To mark Veterans Day on November 11, Netflix is debuting The Liberator, one of the most unusual miniseries yet for the ubiquitous streaming service. Originally envisioned as an eight-episode, live-action look at what Variety describes as "a remarkably treacherous 500-day march through Europe in the waning days of World War II," the project was ultimately transformed into a four-part animated effort that puts a high-tech gloss on rotoscoping, in which filmed images are essentially traced (as seen in the Richard Linklater flicks Waking Life and A Scanner Darkly).

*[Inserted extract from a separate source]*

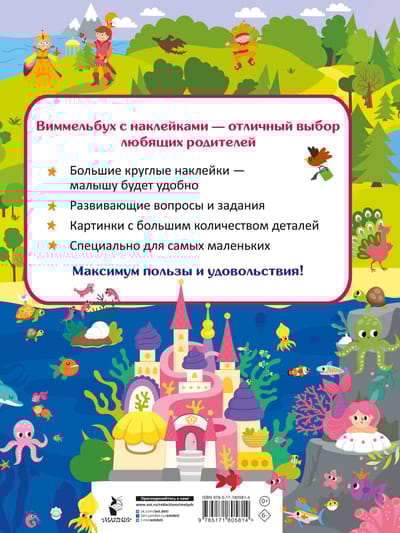 «Виммельбух для малышей. Найди и наклей» — это замечательная книжка, которая понравится любому ребёнку. Внутри — детальные иллюстрации, минимум текста и яркие наклейки. Малыш с удовольствием рассмотрит картинки и найдёт подходящую наклейку. Весёлые занятия развивают воображение, внимание, мелкую моторику, логику и аккуратность. Книга напечатана на качественной мелованной бумаге.

At the center of the tale is the late Felix L. Sparks, one of Colorado's most unsung heroes — although Westword gave him a well-deserved salute in our 1994 Best of Denver issue. The blurb for "Best Disarmament Campaign" offers a brief overview of Sparks's incredible life:
General Felix L. Sparks lived through World War II to lead the U.S. Army brigade that liberated the Dachau concentration camp. Nearly fifty years later his sixteen-year-old grandson was shot to death on the streets of Denver by another teenager with an automatic weapon. The general, also a former Colorado Supreme Court justice and director of the state's Department of Natural Resources, became active with the group PUNCH! (People United — No Children's Handguns!). For his efforts, he was named the 1994 winner of the Community Champion Award by the Civil Justice Foundation in Washington, D.C.
An even more detailed look into his background was assembled by the Anti-Defamation League and the USC Shoah Foundation to accompany the following 1996 video, in which Sparks, who died eleven years later, at age ninety, shared his memories for posterity.
The bio notes that Sparks was born in San Antonio in 1917 and later moved to Miami with his family. In 1936, after graduating from high school with no money to attend college owing to the Great Depression, he joined the U.S. Army and served for two years before enrolling at the University of Arizona. But in December 1940, a year before America's entry into the Second World War, he was ordered back into uniform.
In the years that followed, Sparks, who ultimately rose to the rank of colonel, took part in the Battle of the Ardennes and the Battle of the Bulge before leading the 45th division of the 7th U.S. Army, which helped to capture Nuremburg and liberate Dachau.
After the war, Sparks attended the University of Colorado Law School, from which he graduated in 1947. He subsequently put down roots in the Western Slope town of Delta, where he transitioned from his own law practice to serve as the local district attorney. After a stint on the Colorado Supreme Court, he returned to Delta while serving as a member and, later, commander of the Colorado Army National Guard. When he retired from the service, he was a brigadier general.
Here's a preview of Netflix's version of Sparks's story:
The miniseries is getting a big push from Netflix. As a result, Sparks will become known by many more people in his adopted home state and beyond.